▶ [GOAL OF THE EXERCISE] Repeat each record exactly. Any picture gets left out.

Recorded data
━━━━━━━━━━━━━━━━

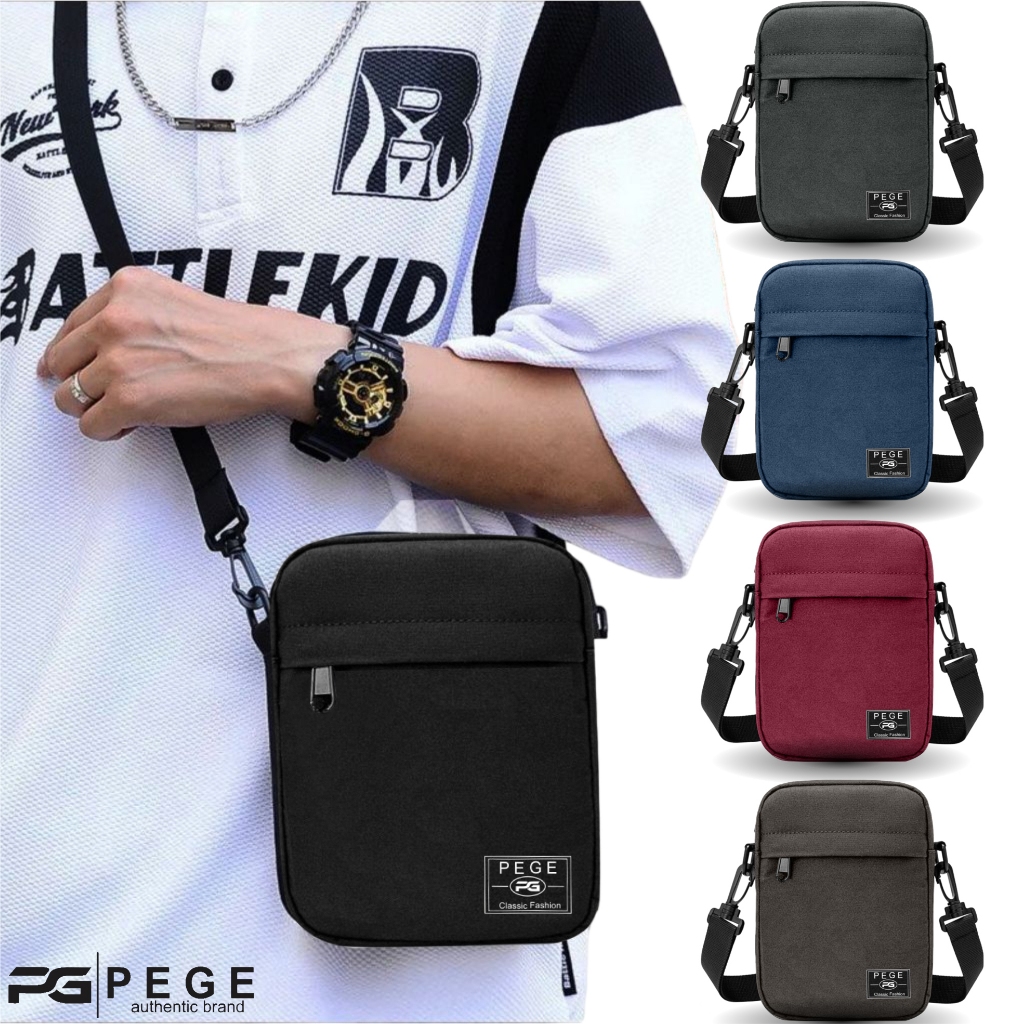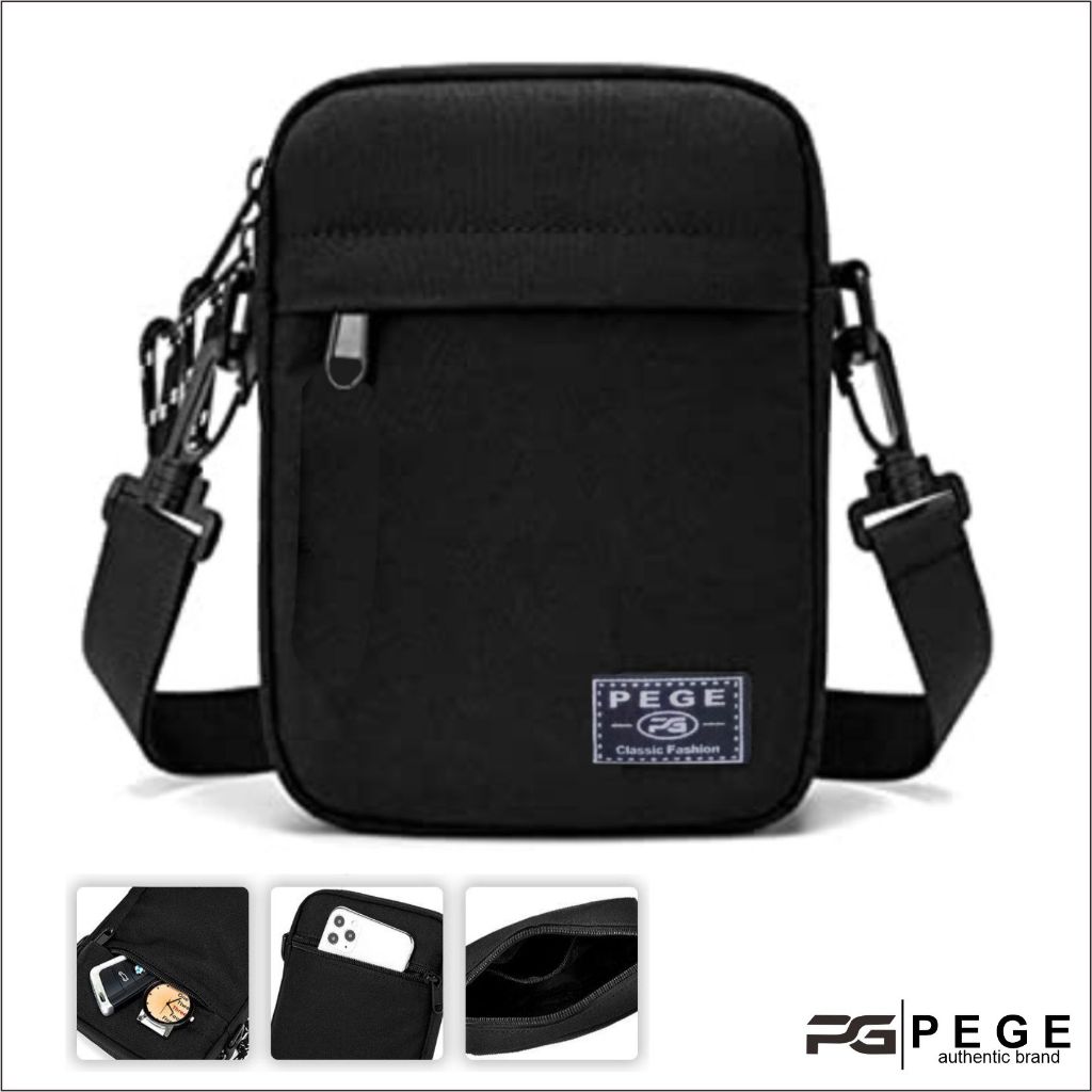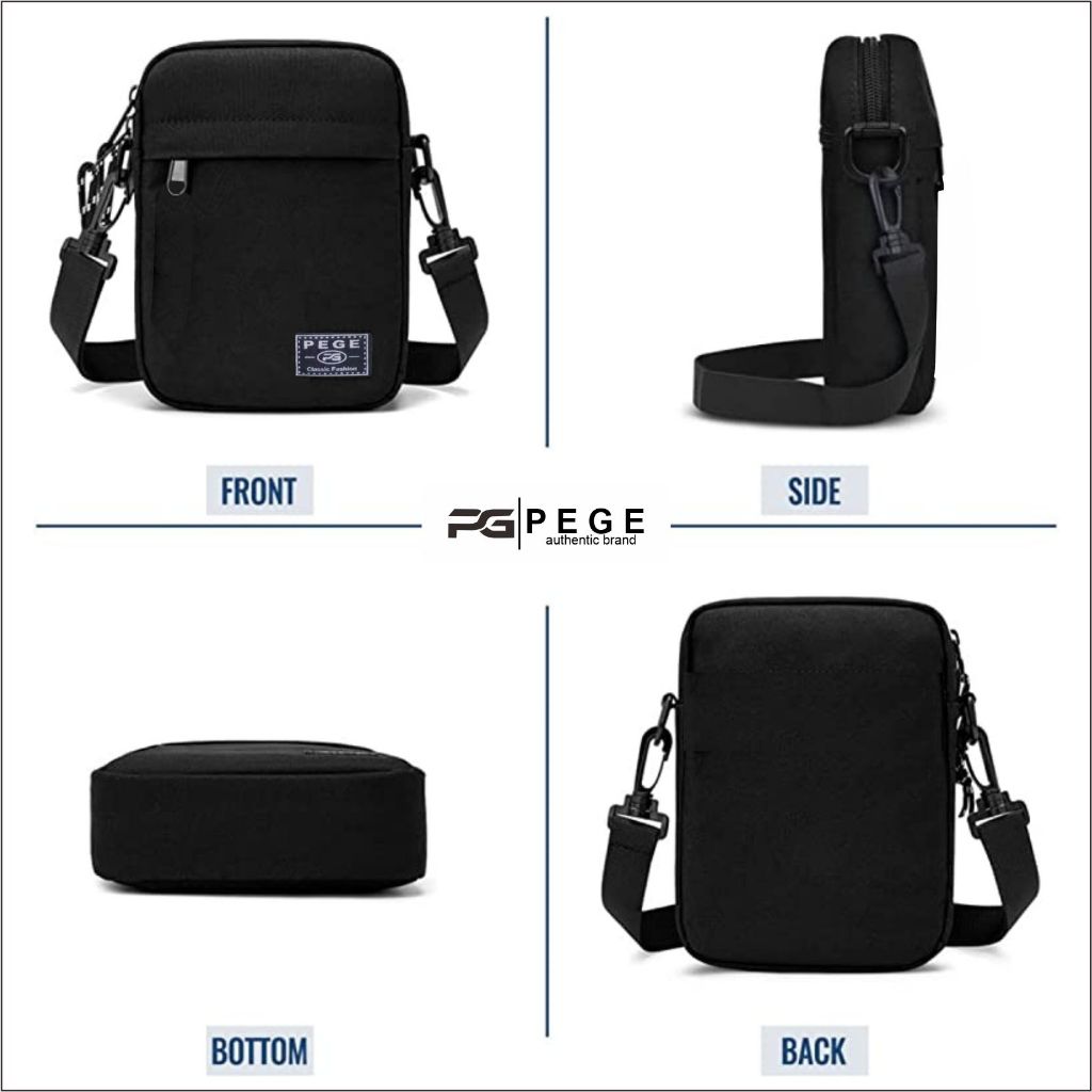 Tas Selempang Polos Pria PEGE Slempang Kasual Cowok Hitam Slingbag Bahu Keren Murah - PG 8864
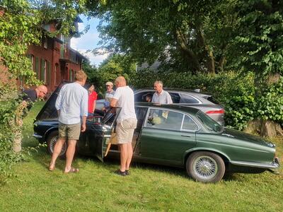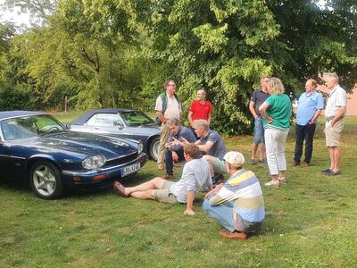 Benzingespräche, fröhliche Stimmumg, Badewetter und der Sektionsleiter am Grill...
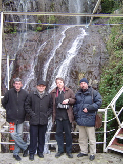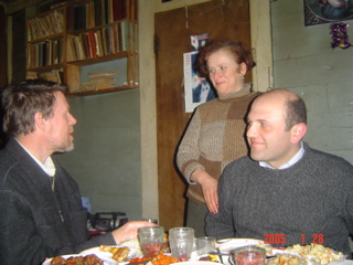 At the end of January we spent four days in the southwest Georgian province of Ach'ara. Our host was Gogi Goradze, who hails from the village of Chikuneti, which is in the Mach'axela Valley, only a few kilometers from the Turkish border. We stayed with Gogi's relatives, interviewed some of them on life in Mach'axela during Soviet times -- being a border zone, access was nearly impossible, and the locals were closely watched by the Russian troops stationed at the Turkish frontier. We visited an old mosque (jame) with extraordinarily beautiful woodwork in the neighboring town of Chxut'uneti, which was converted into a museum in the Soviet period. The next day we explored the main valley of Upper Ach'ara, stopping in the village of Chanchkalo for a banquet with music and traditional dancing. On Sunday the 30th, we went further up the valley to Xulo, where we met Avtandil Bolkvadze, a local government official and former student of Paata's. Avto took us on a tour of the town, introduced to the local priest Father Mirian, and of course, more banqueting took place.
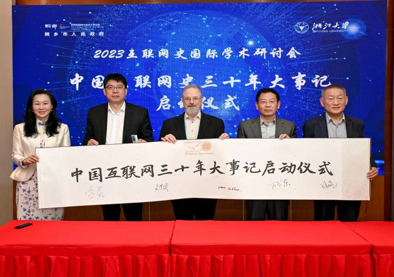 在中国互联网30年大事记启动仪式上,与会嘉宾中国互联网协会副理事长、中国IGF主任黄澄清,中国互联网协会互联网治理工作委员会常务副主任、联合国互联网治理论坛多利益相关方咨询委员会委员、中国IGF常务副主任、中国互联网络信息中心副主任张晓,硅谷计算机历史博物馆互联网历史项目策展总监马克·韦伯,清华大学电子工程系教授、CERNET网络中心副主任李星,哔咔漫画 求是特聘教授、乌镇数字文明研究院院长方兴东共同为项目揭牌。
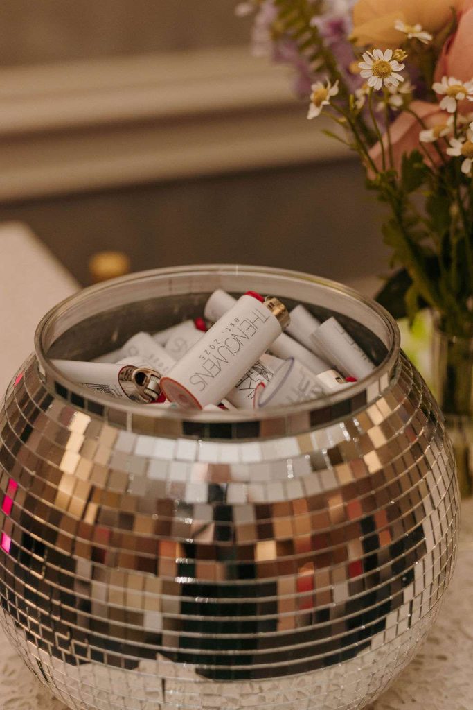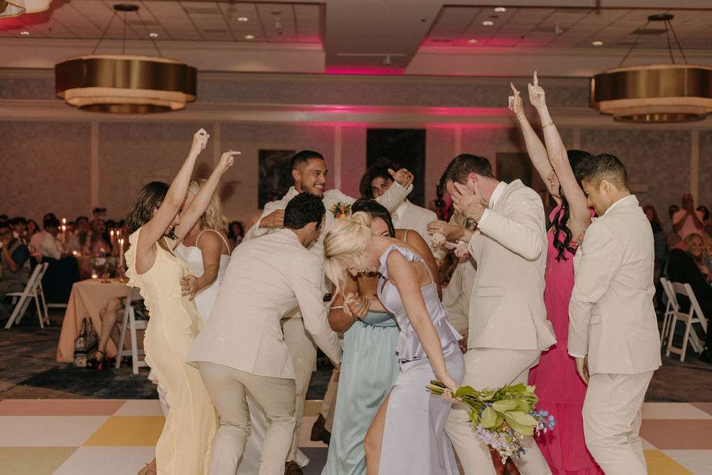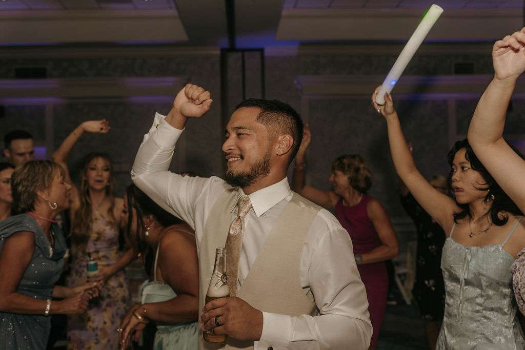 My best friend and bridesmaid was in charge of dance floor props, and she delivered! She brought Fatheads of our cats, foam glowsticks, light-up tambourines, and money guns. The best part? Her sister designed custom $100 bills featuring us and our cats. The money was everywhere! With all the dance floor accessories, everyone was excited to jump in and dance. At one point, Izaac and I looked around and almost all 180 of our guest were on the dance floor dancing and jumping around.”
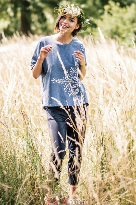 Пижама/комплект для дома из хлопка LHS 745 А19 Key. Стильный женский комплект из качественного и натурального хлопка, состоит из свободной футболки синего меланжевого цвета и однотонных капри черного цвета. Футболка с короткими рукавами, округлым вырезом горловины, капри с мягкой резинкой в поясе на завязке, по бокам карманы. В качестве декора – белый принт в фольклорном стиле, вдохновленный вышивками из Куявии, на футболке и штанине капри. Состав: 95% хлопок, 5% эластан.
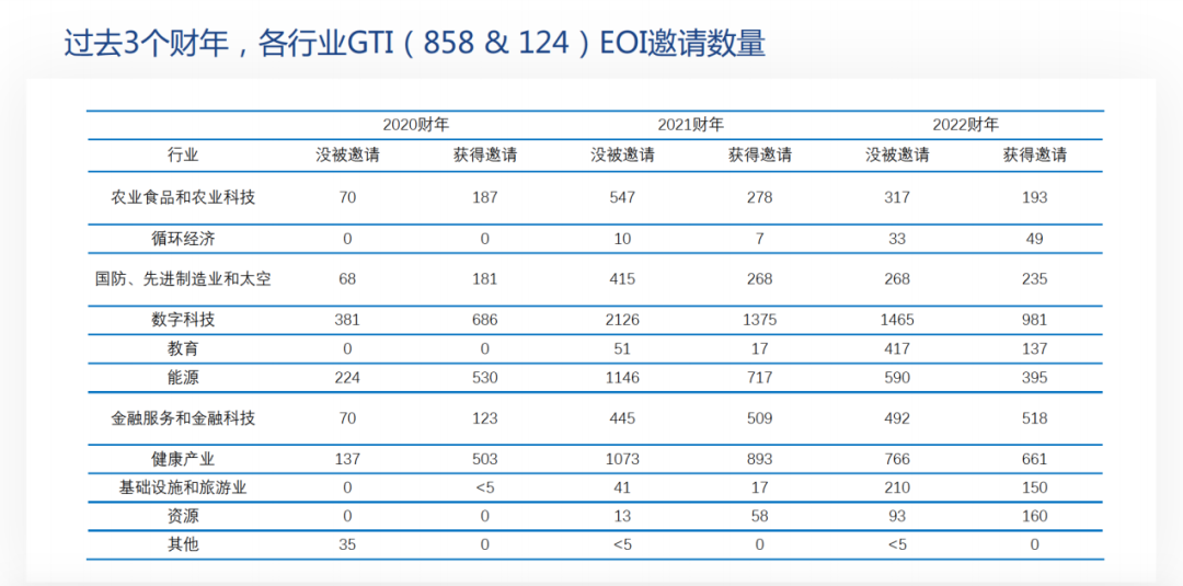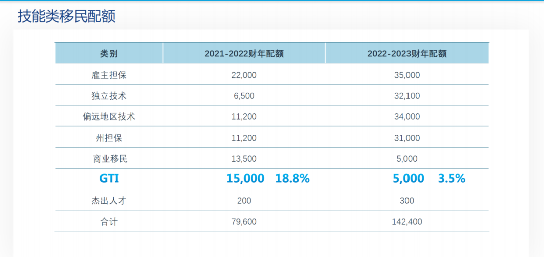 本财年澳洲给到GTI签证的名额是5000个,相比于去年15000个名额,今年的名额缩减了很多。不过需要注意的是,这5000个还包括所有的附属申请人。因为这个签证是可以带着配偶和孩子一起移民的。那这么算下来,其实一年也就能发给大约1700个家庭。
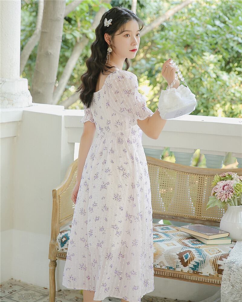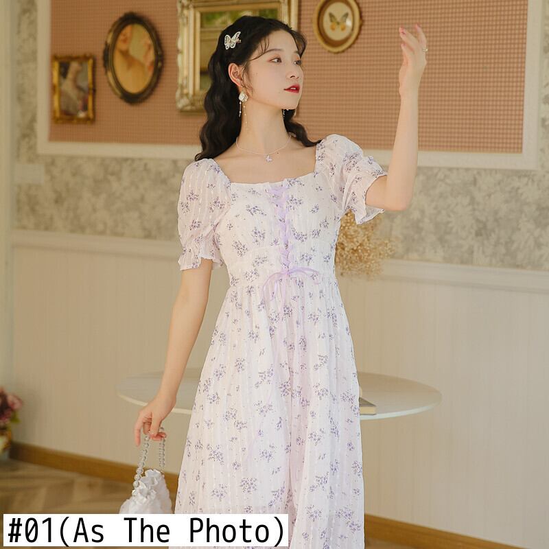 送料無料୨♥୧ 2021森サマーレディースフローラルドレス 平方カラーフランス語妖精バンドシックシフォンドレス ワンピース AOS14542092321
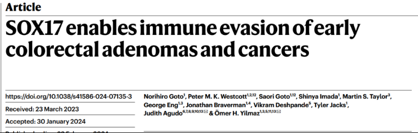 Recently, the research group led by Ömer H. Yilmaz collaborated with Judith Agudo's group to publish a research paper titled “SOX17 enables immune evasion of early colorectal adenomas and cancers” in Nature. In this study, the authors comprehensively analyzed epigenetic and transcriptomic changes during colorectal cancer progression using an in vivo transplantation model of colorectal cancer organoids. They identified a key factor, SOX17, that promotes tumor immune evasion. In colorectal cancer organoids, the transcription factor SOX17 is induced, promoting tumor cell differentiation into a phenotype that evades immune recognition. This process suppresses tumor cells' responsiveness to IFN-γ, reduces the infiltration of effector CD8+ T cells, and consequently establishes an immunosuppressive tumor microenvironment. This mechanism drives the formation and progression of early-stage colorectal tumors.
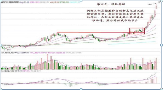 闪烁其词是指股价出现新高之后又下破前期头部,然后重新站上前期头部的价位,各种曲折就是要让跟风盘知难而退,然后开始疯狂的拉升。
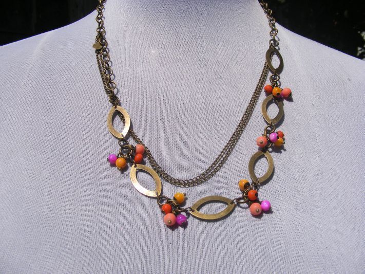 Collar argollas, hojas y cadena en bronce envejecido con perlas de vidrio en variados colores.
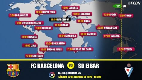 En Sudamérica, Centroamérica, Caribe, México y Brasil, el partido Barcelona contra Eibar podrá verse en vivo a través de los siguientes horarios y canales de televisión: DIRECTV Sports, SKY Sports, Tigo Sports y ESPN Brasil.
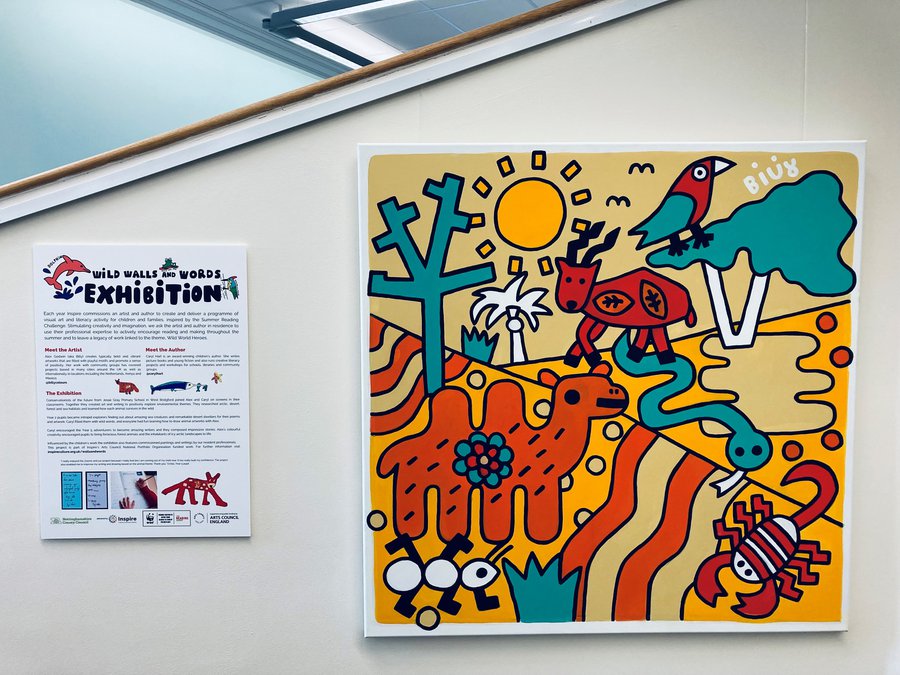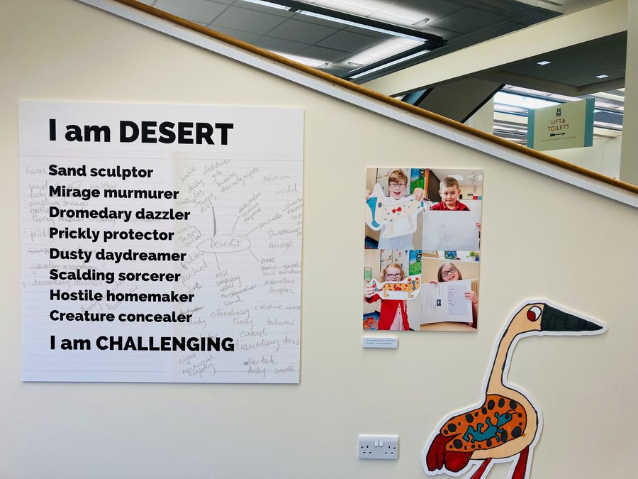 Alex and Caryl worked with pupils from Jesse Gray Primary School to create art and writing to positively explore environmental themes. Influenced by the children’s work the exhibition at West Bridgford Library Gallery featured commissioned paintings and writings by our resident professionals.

━━━━━━━━━━━━━━━━

▶ [ANSWER TO THE PROBLEM]
 Tas Selempang Polos Pria PEGE Slempang Kasual Cowok Hitam Slingbag Bahu Keren Murah - PG 8864
 Benzingespräche, fröhliche Stimmumg, Badewetter und der Sektionsleiter am Grill...
 At the end of January we spent four days in the southwest Georgian province of Ach'ara. Our host was Gogi Goradze, who hails from the village of Chikuneti, which is in the Mach'axela Valley, only a few kilometers from the Turkish border. We stayed with Gogi's relatives, interviewed some of them on life in Mach'axela during Soviet times -- being a border zone, access was nearly impossible, and the locals were closely watched by the Russian troops stationed at the Turkish frontier. We visited an old mosque (jame) with extraordinarily beautiful woodwork in the neighboring town of Chxut'uneti, which was converted into a museum in the Soviet period. The next day we explored the main valley of Upper Ach'ara, stopping in the village of Chanchkalo for a banquet with music and traditional dancing. On Sunday the 30th, we went further up the valley to Xulo, where we met Avtandil Bolkvadze, a local government official and former student of Paata's. Avto took us on a tour of the town, introduced to the local priest Father Mirian, and of course, more banqueting took place.
 在中国互联网30年大事记启动仪式上,与会嘉宾中国互联网协会副理事长、中国IGF主任黄澄清,中国互联网协会互联网治理工作委员会常务副主任、联合国互联网治理论坛多利益相关方咨询委员会委员、中国IGF常务副主任、中国互联网络信息中心副主任张晓,硅谷计算机历史博物馆互联网历史项目策展总监马克·韦伯,清华大学电子工程系教授、CERNET网络中心副主任李星,哔咔漫画 求是特聘教授、乌镇数字文明研究院院长方兴东共同为项目揭牌。
 My best friend and bridesmaid was in charge of dance floor props, and she delivered! She brought Fatheads of our cats, foam glowsticks, light-up tambourines, and money guns. The best part? Her sister designed custom $100 bills featuring us and our cats. The money was everywhere! With all the dance floor accessories, everyone was excited to jump in and dance. At one point, Izaac and I looked around and almost all 180 of our guest were on the dance floor dancing and jumping around.”
 Пижама/комплект для дома из хлопка LHS 745 А19 Key. Стильный женский комплект из качественного и натурального хлопка, состоит из свободной футболки синего меланжевого цвета и однотонных капри черного цвета. Футболка с короткими рукавами, округлым вырезом горловины, капри с мягкой резинкой в поясе на завязке, по бокам карманы. В качестве декора – белый принт в фольклорном стиле, вдохновленный вышивками из Куявии, на футболке и штанине капри. Состав: 95% хлопок, 5% эластан.
 本财年澳洲给到GTI签证的名额是5000个,相比于去年15000个名额,今年的名额缩减了很多。不过需要注意的是,这5000个还包括所有的附属申请人。因为这个签证是可以带着配偶和孩子一起移民的。那这么算下来,其实一年也就能发给大约1700个家庭。
 送料無料୨♥୧ 2021森サマーレディースフローラルドレス 平方カラーフランス語妖精バンドシックシフォンドレス ワンピース AOS14542092321
 Recently, the research group led by Ömer H. Yilmaz collaborated with Judith Agudo's group to publish a research paper titled “SOX17 enables immune evasion of early colorectal adenomas and cancers” in Nature. In this study, the authors comprehensively analyzed epigenetic and transcriptomic changes during colorectal cancer progression using an in vivo transplantation model of colorectal cancer organoids. They identified a key factor, SOX17, that promotes tumor immune evasion. In colorectal cancer organoids, the transcription factor SOX17 is induced, promoting tumor cell differentiation into a phenotype that evades immune recognition. This process suppresses tumor cells' responsiveness to IFN-γ, reduces the infiltration of effector CD8+ T cells, and consequently establishes an immunosuppressive tumor microenvironment. This mechanism drives the formation and progression of early-stage colorectal tumors.
 闪烁其词是指股价出现新高之后又下破前期头部,然后重新站上前期头部的价位,各种曲折就是要让跟风盘知难而退,然后开始疯狂的拉升。
 Collar argollas, hojas y cadena en bronce envejecido con perlas de vidrio en variados colores.
 En Sudamérica, Centroamérica, Caribe, México y Brasil, el partido Barcelona contra Eibar podrá verse en vivo a través de los siguientes horarios y canales de televisión: DIRECTV Sports, SKY Sports, Tigo Sports y ESPN Brasil.
 Alex and Caryl worked with pupils from Jesse Gray Primary School to create art and writing to positively explore environmental themes. Influenced by the children’s work the exhibition at West Bridgford Library Gallery featured commissioned paintings and writings by our resident professionals.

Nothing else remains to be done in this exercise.